What am I saying? I don't need any more stories, but that is me just procrastinating once again.

One of the reasons for waffling on, on this blog is crochet. And I realised that I haven't done much at all, never mind posting it, so I decided to crochet some simple granny squares. And then put them together.

But that was not really a worth while goal. So the idea of a jacket was born, slowly I grant you, over a couple of pints and a time scale that seemed achieveable. It was just over a month to the York Beer Festival and while collecting stamps to get free entry (something I never managed as I did let work get in the way) I would crochet the squares in the pub.

 
  And so I started to make a stash of squares and watched them grow. Not all were made in the pub as I estimated I needed over 70 of them. Yes 70. Suddenly my task seemed too large to manage, and I had less than a month left. With work nipping at my heels to help out, the tattoo of mug visible to all and sundry. And I realised with mounting horror, my squares were smaller than they should have been. But I didn't want to give up. Mind you, I had tweeted it on social media and felt some what obliged to continue.

 
So my granny square pile grew, and my colours increased, as I spent every hour I could making more, and edging them so they were big enough, or so I was beginning to hope.
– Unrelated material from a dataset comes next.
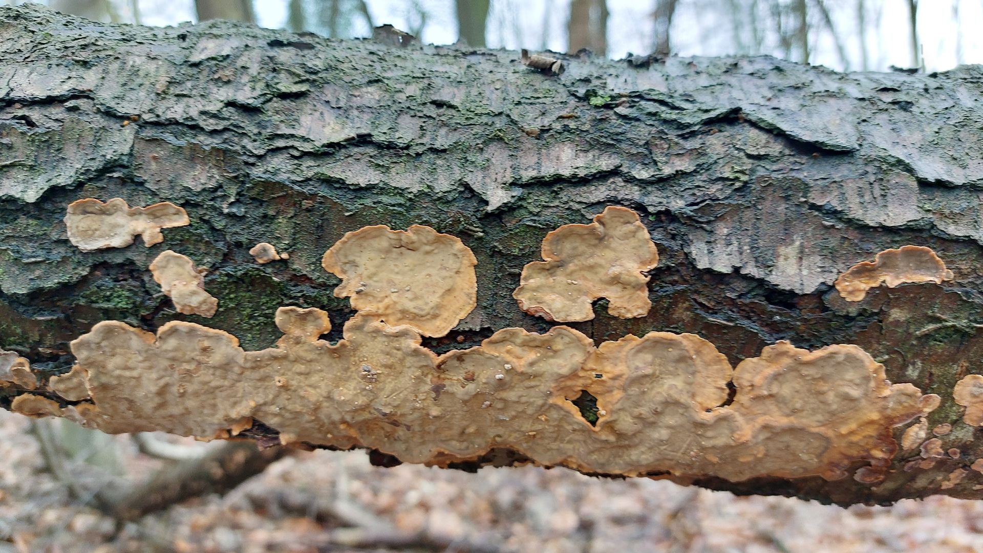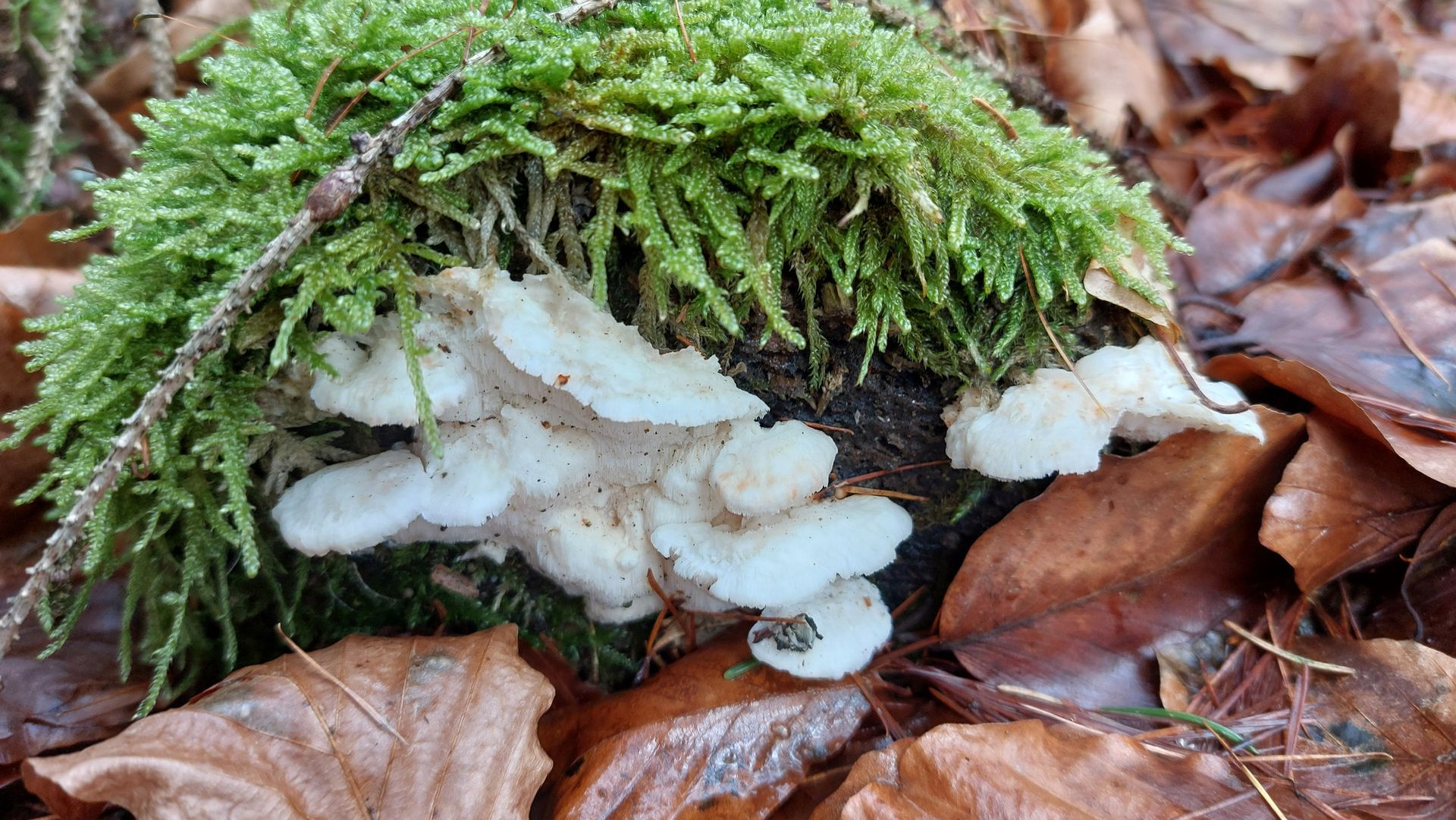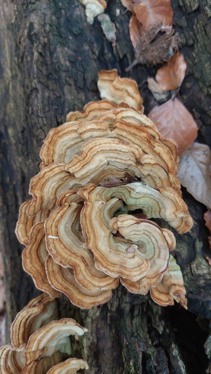 1. Hier bin ich bei meinen Bestimmungsversuchen bei der Ockertramete (Trametes ochracea)) gelandet. Kann das stimmen? Eichen und Buchen waren in der Nähe gestanden, das Substrat würde ich für Eiche halten, bin mir aber nicht sicher. Die Größe der Fruchtkörper sollte aus dem Vergleich mit dem Buchenlaub ersichtlich sein. Das dritte Foto zeigt die Unterseite mit creme- bis ockerfarbenen Poren. Bei einer Schmetterlingstramete sollten wohl mehr dunkle Farbtöne dabei sein. Oder liege ich schon mit der Tramete falsch?

No wonder I have done little else.

 The squares started to come together, but my time was running out. Now I had to put them together, and not all my squares were even, as I had used different weights of yarn and different sizes. Arrgh! How would I put this thing together and would it fit after all this work? I didn't know, but I couldn't stop now.


  I crocheted the squares and filled in the gaps with more crochet. Lucky my chosen craft is very forgiving to additions and manipulations. I would have never managed this if I had tried to knit it..

And then it was done. It was the morning I was going to York Beer Fest and I had even managed a hood. My hands were aching and cramped and my vision blurred, but I had  finally made my jacket, and now I could embarrass myself further by wearing it.

Which is exactly what I did!
And what now for my beer Jacket? and the months and a half of work I put into it?
Now I have to continue with my writing, and poem performing. And so it becomes a performance jacket for an ale drinking, beer poet, and chocoholic who crochets.